With nationalistic political movements seizing power left and right, the world has been thrust into a frenzy as everyone rushes to draw their own lines in the sand. Assuming you weren’t born yesterday, this is likely not an earth-shattering observation, considering humanity has been gradually dialing up the volume on our collective screeching for a few years now. One could even argue that people who actually were born yesterday have probably already had to confront this in some shape or form. For better or for worse, Politics is inescapable.
The ripple effects have by no means fallen on deaf headphones.
The classic rejection of conservatism by young music fans and the artists that represent them is snowballing back to life more and more by the day, and it seems to be only the beginning. While it may be too early (and potentially too popular) to label it a true counterculture uprising, there is a rebellious familiarity to the phenomenon that is worth exploring.
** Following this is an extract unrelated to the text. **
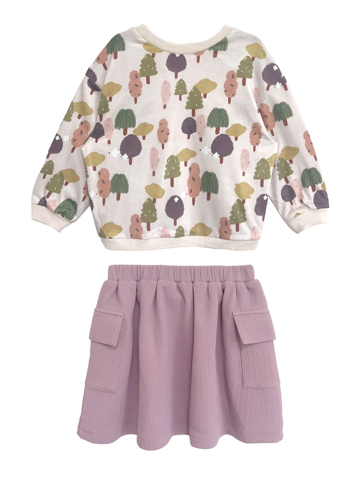 The Treehouse two piece set by Mabel and Honey is the perfect blend of playful charm and everyday comfort. The long-sleeved top features a whimsical tree pattern in soft pastel hues of green, pink, purple, and yellow on a cream-colored background, complete with ribbed cuffs and hem for a snug fit. Pair it effortlessly with the light purple A-line skirt, made from textured fabric and designed with functional side flap pockets. Together, this coordinated set creates a delightful and versatile outfit for your little adventurer!

Looks like a punk, swims like a punk, and quacks like a punk
While some of the genre’s icons were ironically quite gimmick-indulgent (not naming names but you know who you are Richard Hell), traditional Punk was defined simply by a rejection of bootlicking. It did not sell images, it rejected hierarchies, and it refused to comply in the subtle popularity contests of everyday life.
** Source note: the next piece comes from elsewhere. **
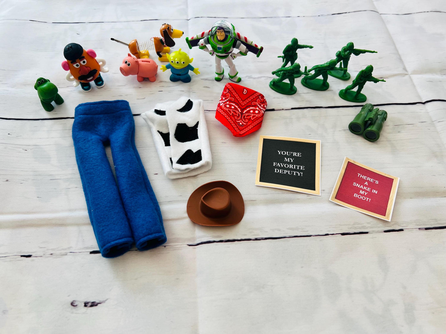 1 woody costume complete with bandana and Sherri’s hat (hat does not fit on elf’s head)

While a lot of this antagonistic focus was on the music industry itself, it was famously unshy in taking on the government as well.
In the context of modern society, all of this fits like a glove. The idea of kissing up to the establishment (see also: the swamp) has even become unpopular amongst conservatives. Controversial leaders all over the world have been winning elections on the promise of unrestrained bluntness.
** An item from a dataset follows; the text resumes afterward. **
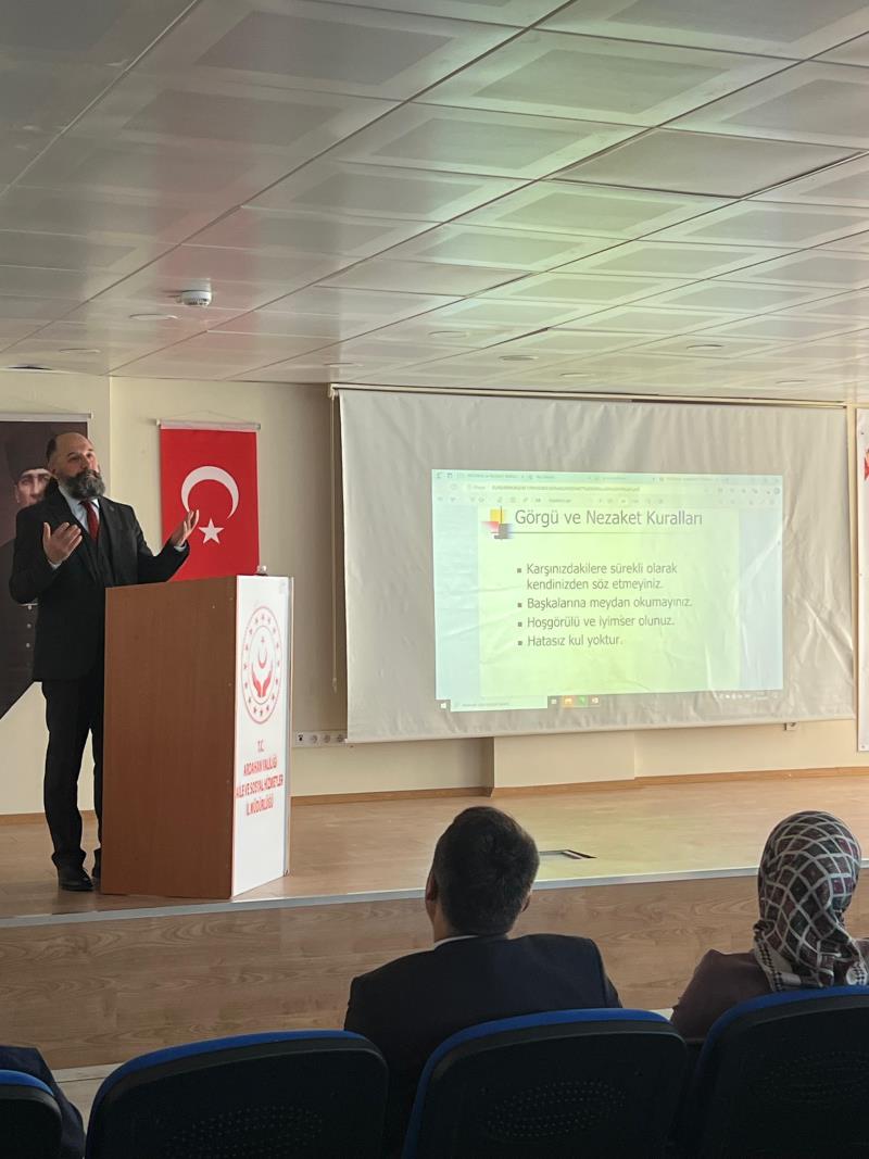 Kurumlar arası iş birliğini güçlendirmeyi ve bilgi paylaşımını artırmayı hedefleyen etkinlik, Aile ve Sosyal Hizmetler İl Müdürlüğü Konferans Salonu’nda iki ayrı oturum şeklinde yapıldı. Oturumlara; İl Müdürü Mahmut Çetinkaya, İl Müdür Yardımcısı Zehra Ulutaş, Ardahan Sosyal Hizmet Merkezi Müdürü Bekir Tancı, Göle Sosyal Hizmet Merkezi Müdürü Canan Ayaz, Huzurevi Yaşlı Bakım ve Rehabilitasyon Merkezi Müdürü Merve Deniz, Kuruluş Müdürü Aysel Şen ile çok sayıda kurum çalışanı katıldı. Vural, sunumunda adab-ı muaşeretin felsefi kökenleri, tarihsel arka planı ve ontolojik yönleri üzerine değerlendirmelerde bulundu. Ayrıca, nezaketin toplumsal yaşamda, bireyler arası ilişkilerde ve kamu alanında nasıl yansımalar bulduğunu örneklerle anlattı. Özellikle kamu kurumlarında protokol kurallarının doğru uygulanmasının, kurumsal temsil açısından önem taşıdığını vurguladı.

However, whether or not they are delivering is the source of universal debate, and that is what has become society’s (and by extension, music’s) most volatile pressure point.
Don’t call it a comeback: punk's second life
When you hear punk, you likely think of the more topical traits of the scene. Images of safety-pinned leather jackets on angry British teenagers may come to mind.
Logically, you understand that not every single punk artist embodied the Sex Pistols-esque brand to a T. It’s just a representative caricature, something every genre of music has.
That being said, punk was an ideology just as much as a sound or a look. The lack of buzzsaw guitar on the radio doesn’t speak for the state of the genre, and it doesn’t just live in the fractured remains of pop punk, dream pop, or wherever else you can find a moody white boy with a guitar either. It is, by definition, not a slave to any uniform. The very nature of it guarantees eternal fluidity as the same old motives are just filtered through new contexts.
She may not sound the part, but Charli XCX is punk. The same goes for M.I.A., Danny Brown, St.
Vincent, Blood Orange, Sufjan Stevens, Death Grips, and any other artist willing to bluntly explore their own nuance at the risk of commercial loss. Nothing is more inherently punk than Profiles In Courage-esque integrity.
For an even more direct example, just look to the musicians from all genres who have directly spoken against oppressive systems recently. Through artists like Kendrick Lamar and A Tribe Called Quest, we have seen rap, of all things, become one of the punk philosophy’s most obvious disciples. The different sound is just a new method of delivery
Punk nuance has existed forever (insert clever pun about Johnny Cash and Grandmaster Flash) and it has become the catalyst through which the soul of the genre still thrives.
Purists may argue against such a meta method of music-sorting, and it would be a fair point. That being said, in a time when an increasingly large number of people need something to scream at the establishment for, I maintain that the pool of options is not as shallow as it may seem.